◆ GIVEN ENTRIES:
BEGIN
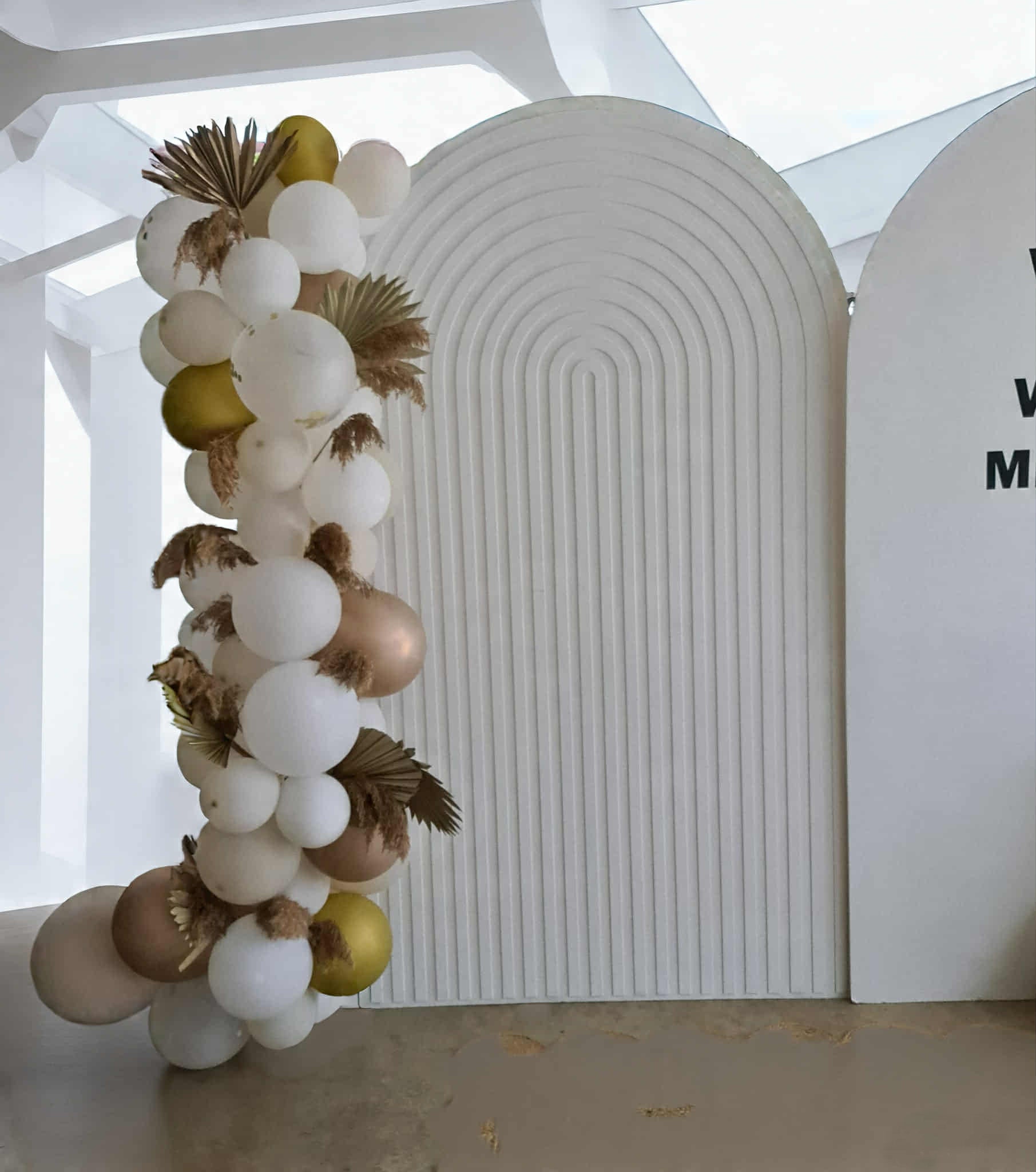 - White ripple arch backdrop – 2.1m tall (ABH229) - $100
END
BEGIN
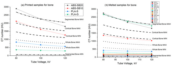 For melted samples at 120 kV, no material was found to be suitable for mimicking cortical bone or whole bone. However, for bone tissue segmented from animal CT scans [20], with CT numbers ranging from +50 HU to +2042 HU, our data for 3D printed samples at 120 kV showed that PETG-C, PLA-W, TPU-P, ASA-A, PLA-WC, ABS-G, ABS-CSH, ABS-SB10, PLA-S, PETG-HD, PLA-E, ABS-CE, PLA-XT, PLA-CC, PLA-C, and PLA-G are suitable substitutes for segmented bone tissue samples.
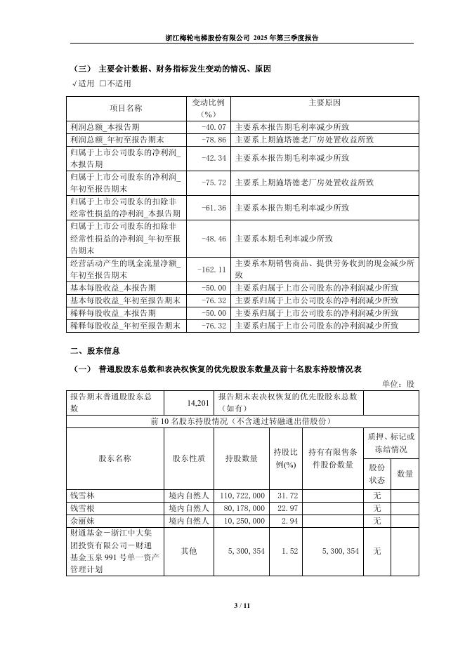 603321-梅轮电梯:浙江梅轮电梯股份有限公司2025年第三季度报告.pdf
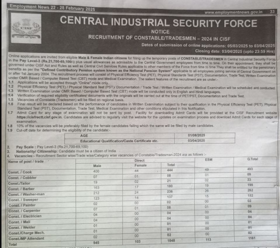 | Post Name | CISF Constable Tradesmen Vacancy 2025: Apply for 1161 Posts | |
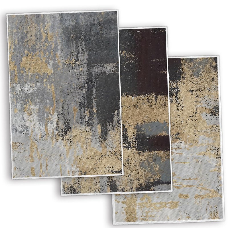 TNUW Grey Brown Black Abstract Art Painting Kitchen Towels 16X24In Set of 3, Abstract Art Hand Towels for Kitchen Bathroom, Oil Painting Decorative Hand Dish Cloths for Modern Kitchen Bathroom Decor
END
BEGIN
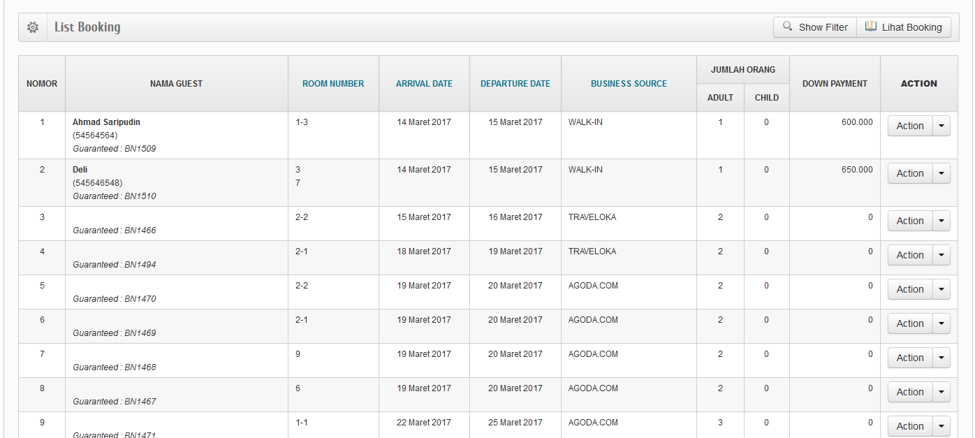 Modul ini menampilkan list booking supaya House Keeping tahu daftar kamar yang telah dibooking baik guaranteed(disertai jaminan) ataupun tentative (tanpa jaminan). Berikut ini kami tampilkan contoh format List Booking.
END
◆ REQUIREMENT: From the records above, give again only the part that opens with the line containing "603321-梅轮电梯:浙江梅轮电梯股份有限公司2025年第三季度报告.pdf" and closes with the line containing "TNUW Grey Brown". Keep both ends but drop the pictures.

◆ COMPLETED TASK:
 603321-梅轮电梯:浙江梅轮电梯股份有限公司2025年第三季度报告.pdf
 | Post Name | CISF Constable Tradesmen Vacancy 2025: Apply for 1161 Posts | |
 TNUW Grey Brown Black Abstract Art Painting Kitchen Towels 16X24In Set of 3, Abstract Art Hand Towels for Kitchen Bathroom, Oil Painting Decorative Hand Dish Cloths for Modern Kitchen Bathroom Decor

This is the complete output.